Fix: Set s.syncing = true inside TriggerSync() before releasing the lock.


H10 — Cloudflare HTTP requests ignore context — cannot be cancelled

File: cloudflare/client.go:73 Category: Resource leak

do() uses http.NewRequest() instead of http.NewRequestWithContext(). The ctx parameter passed to Sync() is never propagated to HTTP calls. During shutdown, in-flight Cloudflare API requests block until their 15s timeout.

Fix: Pass context through to do() and use http.NewRequestWithContext().

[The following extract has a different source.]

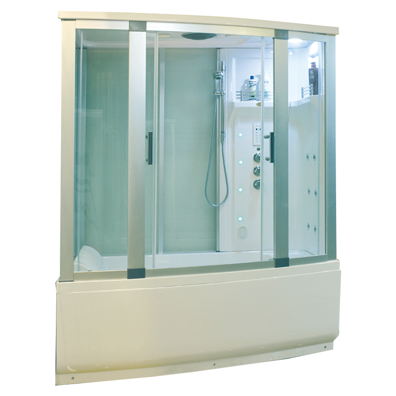 WITH:Pop-up drainer with overflow valve,TX-36C pillow,silent double  slider,2 door handles,single layer goods shelf ,top shower,lifter,shower,shower hose,faucet,6 atomization jets,backrest,computer,ozone,top lamp,fan,speaker,lamp panel,4 bead background lamp,steam export

H11 — GetFullStatus returns shared pointers when no cache exists

File: backup/backup.go:1213-1228 Category: Data race

When m.cachedStatus == nil, the fallback returns a FullBackupStatus that directly references m.lastDBDump and m.lastBackup pointers. After m.mu is released, the caller reads these while backup operations may be mutating them.

Fix: Deep-copy m.lastDBDump and m.lastBackup in the no-cache path.

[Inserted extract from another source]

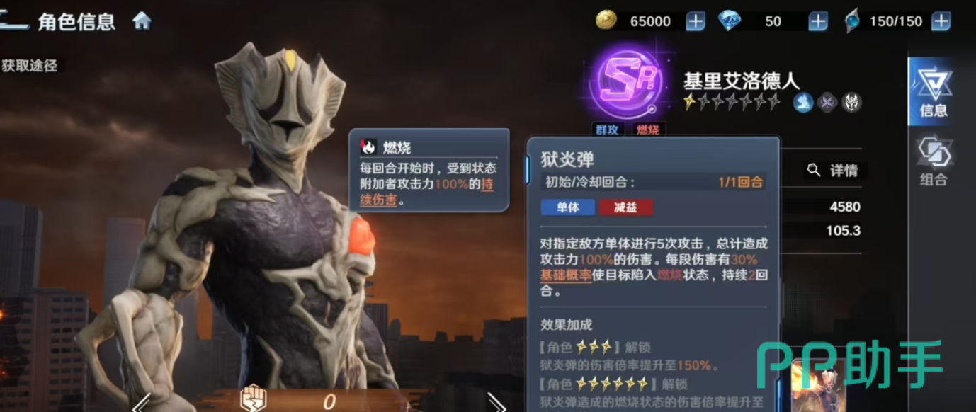 实战表现层面,基里艾洛德人具备突出的开荒适配性。其主动技能【狱炎弹】虽单次伤害数值中等,但具备五次独立结算的燃烧判定,大幅压缩异常触发的随机区间,构建出稳定的多线灼烧渗透路径。这种设计要求玩家在操作中兼顾爆发节奏与状态覆盖率管理,通过燃烧带来的百分比持续伤害,精准瓦解敌方前排承伤结构或关键辅助单位。

H12 — No HTTP request body size limits

Files: Multiple handlers in web/handler_debug.go, web/storage_handlers.go, api/router.go Category: Security — DoS

Every json.NewDecoder(r.Body).Decode(&req) has no body size limit. A multi-GB request consumes all memory.

Fix: Add middleware: r.Body = http.MaxBytesReader(w, r.Body, 1<<20) for all POST handlers.

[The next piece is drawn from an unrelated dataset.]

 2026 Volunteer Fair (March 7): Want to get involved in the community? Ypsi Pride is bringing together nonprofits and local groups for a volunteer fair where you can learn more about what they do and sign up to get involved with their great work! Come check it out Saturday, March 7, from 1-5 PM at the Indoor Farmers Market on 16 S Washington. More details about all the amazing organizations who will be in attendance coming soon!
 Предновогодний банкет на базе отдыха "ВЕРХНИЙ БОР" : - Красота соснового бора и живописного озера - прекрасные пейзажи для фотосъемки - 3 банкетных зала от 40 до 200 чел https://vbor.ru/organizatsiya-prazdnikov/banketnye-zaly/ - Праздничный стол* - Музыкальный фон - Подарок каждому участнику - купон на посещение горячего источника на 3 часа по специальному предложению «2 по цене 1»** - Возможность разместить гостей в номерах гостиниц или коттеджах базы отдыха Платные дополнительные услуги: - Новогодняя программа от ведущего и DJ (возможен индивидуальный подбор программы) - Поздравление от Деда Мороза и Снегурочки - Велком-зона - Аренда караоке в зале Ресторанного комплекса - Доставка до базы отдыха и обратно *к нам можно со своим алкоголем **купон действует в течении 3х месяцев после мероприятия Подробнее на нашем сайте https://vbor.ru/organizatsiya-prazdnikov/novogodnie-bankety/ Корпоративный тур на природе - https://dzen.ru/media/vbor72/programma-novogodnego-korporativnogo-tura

H13 — runDriveScan in setup never calls CleanupTempMounts

File: setup/scanner.go:266-279 Category: Resource leak

ScanDrivesForInfraBackups temporarily mounts partitions. runDriveScan stores results but never cleans up. Temp mounts remain forever.

Fix: Call CleanupTempMounts(results, s.logger) after storing scan results.


H14 — Snapshot retry reuses same context with diminished timeout

File: backup/restic.go:139-147 Category: Bug

After lock detection + unlock, the retry reuses the same ctx with the original 30-minute timeout. Time spent on the first attempt is subtracted. Also, unlockCmd.Run() ignores its error.

Fix: Check unlock error. Consider creating a fresh context for retry.


H15 — crossdrive rsync leaf-name collision detection is incomplete

File: backup/crossdrive.go:375-389 Category: Logic error

The collision check uses os.Stat(dstPath) which checks pre-existing directories from previous runs, not just current-iteration collisions. Mount index 0 skips collision check entirely. Pre-existing leftovers could cause data to be rsynced into wrong directories.

Fix: Use a seen map to track leaf names within the current iteration:

seen := make(map[string]bool)
for _, srcMount := range mounts {
    leaf := filepath.Base(srcMount)
    if seen[leaf] { leaf = fmt.Sprintf("%s_%d", leaf, i) }
    seen[leaf] = true
    // ...
}

H16 — CSRF Bearer bypass — token not validated

File: web/csrf.go:36-41 Category: Security

Any request with Authorization: Bearer <anything> skips CSRF entirely. The Bearer token is not validated against the actual API key.

Fix: Validate the Bearer token before skipping CSRF (check against s.settings.GetAPIKey()).


H17 — Potential nil dereference on crossDriveRunner

File: web/handlers.go:919 Category: Potential panic

s.crossDriveRunner.ValidateDestination(...) is called in buildAppBackupRows() without nil check. The field is set post-construction via SetCrossDriveRunner.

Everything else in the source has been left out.